Finished Pale Guardian, 7th and latest in Barbara Hambly's James Asher Vampire Novel series. This is apparently what Severn House has decided to call these historical paranormal espionage thrillers, which kind of gives the false impression that Asher is the vampire in them. Which may perhaps happen yet, as once again, the Edwardian ex-spy is threatened and tempted.
This one actually initially focused more on his wife Dr. Lydia Asher, who's volunteered as medical help in France now that we're far enough down the timeline that WWI is actually underway. And of course there's the obligatory stumbling across a nefarious secret government plot to enlist the powers of the vampires into their spy games. Which after having been toyed with for the entire series with needing to be thwarted before it leads to new and terrible forms of wartime destruction, is nice to finally see unfolded as an actual consequence, albeit relatively briefly before the obligatory thwarting happens yet again. And I liked seeing how the war affected the vampires of various countries affected, becoming refugees as the invasion advanced.

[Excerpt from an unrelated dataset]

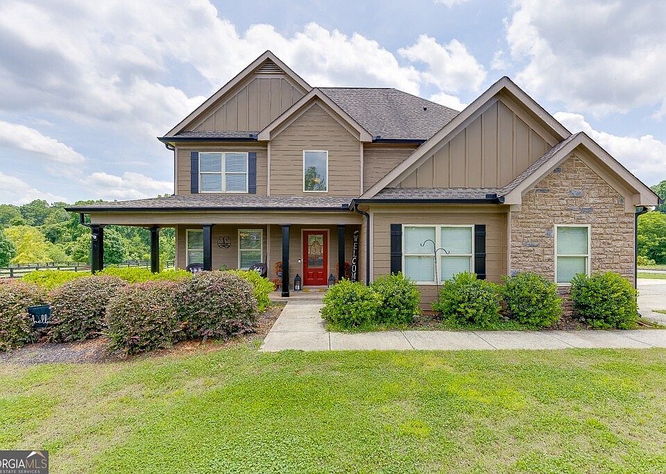 MAJOR PRICE IMPROVEMENT JUST IN TIME FOR THE HOLIDAYS! Welcome to this beautiful Craftsman-style home in the highly sought-after Finch Landing subdivision! Built in 2019, this charming two-story residence sits on a generously sized 0.75-acre wooded lot, offering privacy and serenity with a rocking chair front porch perfect for relaxing evenings. Inside, you'll find an open-concept floor plan featuring rich hardwood flooring, a wood-burning fireplace, and a spacious separate dining room ideal for entertaining. The heart of the home is the kitchen, boasting custom-built cabinetry, granite countertops, and modern finishes throughout. Upstairs, the large owner's suite provides a peaceful retreat with a luxurious bathroom that includes a garden tub, separate shower, and granite vanity countertops. Additional highlights include upgraded wall-to-wall carpet, quality craftsmanship, and attention to detail in every room. This home qualifies for 100% USDA financing.

Anyway, although after a certain point the basic premise of the series has gotten somewhat repetitive (probably not as noticeable if you didn't just do a binge cram reread of the earlier novels like I did), this was an entertaining enough variation on the theme and a pretty decent continuation. Even if certain handwringing character beats about feeling bad about the relative ethicality of the human cost of not destroying their obligate human-killing vampire allies (TBH, I think they should angst more about the ruinous effect of their privileged British Empire lifestyle upon the downtrodden underclass and colonies exploited to support it) seem to be repeated yet again at unnecessary (and probably hypocritical) length, after just having had their own lives saved by said murderous allies.